Saturday, January 27, 2007

Down These Mean Streets

I've been meaning to read Piri Thomas' book, DOWN THESE MEAN STREETS for about 5 years. I finally caved in when I saw a used copy for a couple bucks and I'm sorry I didn't read it earlier.

It's so delicious in all sorts of ways and its push-you-up-against-a-wall style won't let you breathe until you finish it. It's harsh, but it has such tender moments that many prison memoirs don't touch. Don't think for a minute that Thomas lets it be about that alone. He talks about growing up in Spanish Harlem with a keen eye to detail. One thing that you can tell is that this book, still in print after 40 years, is that it has definitively been an influential work.

Maybe that influence lies in the weaker aspects of the book (few and far between).
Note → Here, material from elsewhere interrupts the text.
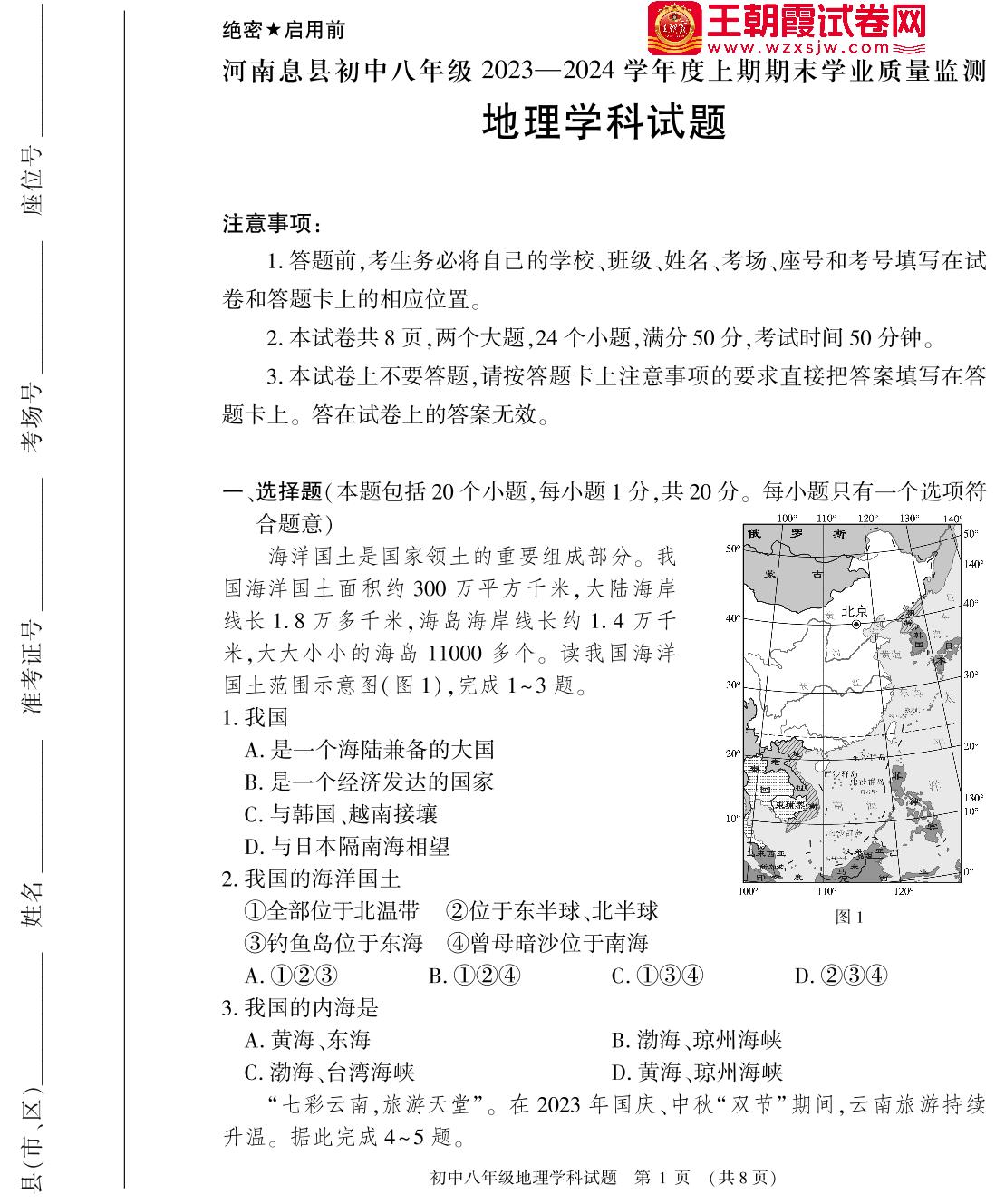 河南省信阳市息县2023-2024学年度上学期期末学业质量监测试题八年级地理(湘教版)

I mean, so often one book is influential to a generation of writers and then one of their books is influential and so on and at the end of it all, you get an incredibly dense and stylistically tight book that comes only from a sound brickwork. This isn't to say that Thomas' book is weak. I think it's incredibly strong. It's just obvious that his writing is based on a lack ; his lack of formal education, his lack of resources, lack of means, etc. This is of course, what gives the book its edge. It isn't fiction, it's not pretend.

Piri Thomas gives no apology for his life, but that's exactly what makes this book such a powerful force.